Franco: In the current economic times, more and more resellers are looking to add more value to what they are offering. For them, margins, if they're selling hardware or software licenses, are getting tougher to get and are being reduced. So, the way for them to really see the opportunity into this is thinking that they can now offer remote management services without having to invest any amount in what is infrastructure or in any other type of license that they may need.
It's really all based on the SaaS concept. [Managed service providers] can now say to the customers, "Okay, from now on, you'll forget about having to install all this management infrastructure in-house. I'm going to remotely manage all the endpoint security for you.
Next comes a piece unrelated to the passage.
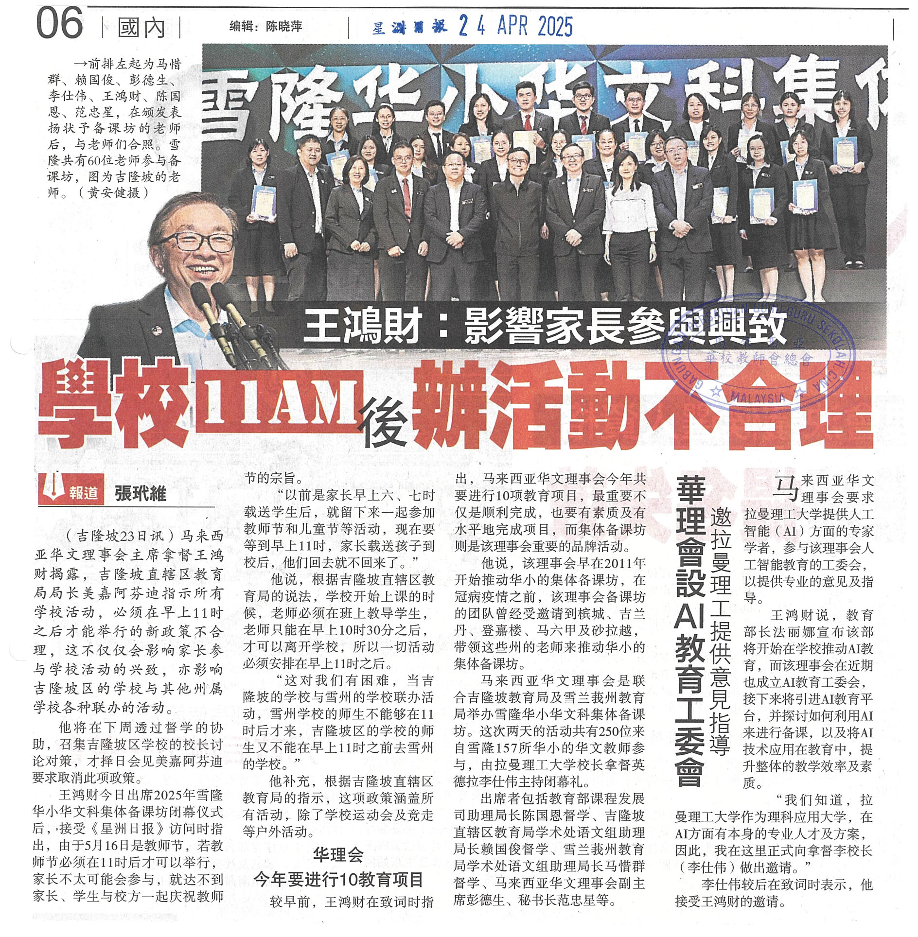 王鸿财:学校11AM后办活动不合理,影响家长参与兴致

I'm going to give you this service-level agreement (SLA), whereby I'm going to check the status of your network twice or three times a week or once a day, and if there is any problem, I can configure it remotely, or I can just spot where the problems are and I can fix them remotely."
This means that for the end user it's going to reduce the operating cost, and for the reseller it's going to increase the margins for the services they're offering. We believe that there is a clear alignment among the interests of end users and partners, and, most importantly, also from our side with the partners. We don't want to replace the channel here. What we want is to become the platform of choice for these resellers to provide these value-added services.